*Provided information*:
----

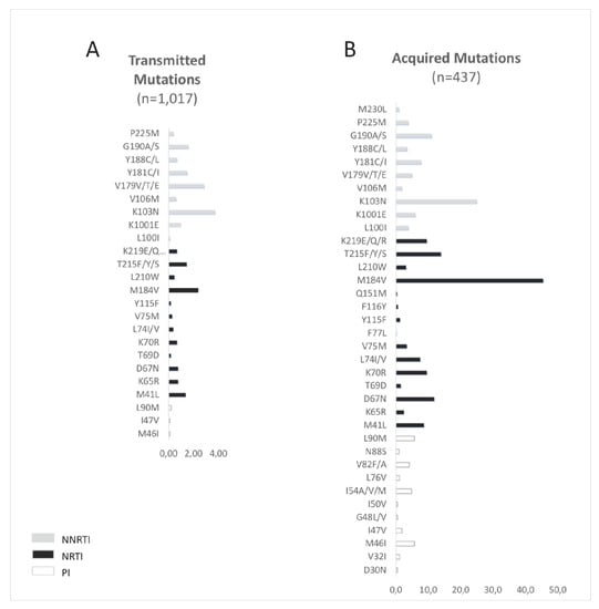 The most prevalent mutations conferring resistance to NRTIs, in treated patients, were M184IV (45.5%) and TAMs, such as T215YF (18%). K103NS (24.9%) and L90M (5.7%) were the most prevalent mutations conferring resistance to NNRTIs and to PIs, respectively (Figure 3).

----

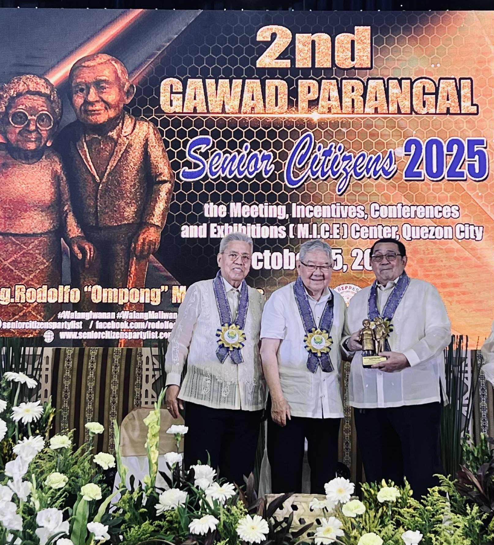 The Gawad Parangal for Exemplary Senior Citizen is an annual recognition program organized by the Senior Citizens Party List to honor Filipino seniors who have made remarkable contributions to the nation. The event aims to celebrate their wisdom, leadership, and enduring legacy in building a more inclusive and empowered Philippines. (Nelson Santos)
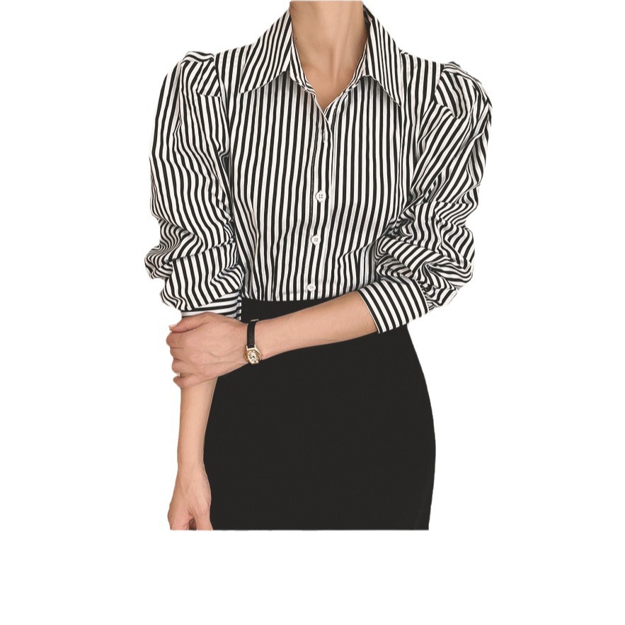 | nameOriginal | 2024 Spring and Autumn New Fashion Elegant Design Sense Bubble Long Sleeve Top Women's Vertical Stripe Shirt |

----

*Work to be completed*: Above, find the line holding "The Gawad Parangal" and the line holding "Stripe Shirt |". Print exactly those two lines and every line between them, but no pictures.

*Response area*:
 The Gawad Parangal for Exemplary Senior Citizen is an annual recognition program organized by the Senior Citizens Party List to honor Filipino seniors who have made remarkable contributions to the nation. The event aims to celebrate their wisdom, leadership, and enduring legacy in building a more inclusive and empowered Philippines. (Nelson Santos)
 | nameOriginal | 2024 Spring and Autumn New Fashion Elegant Design Sense Bubble Long Sleeve Top Women's Vertical Stripe Shirt |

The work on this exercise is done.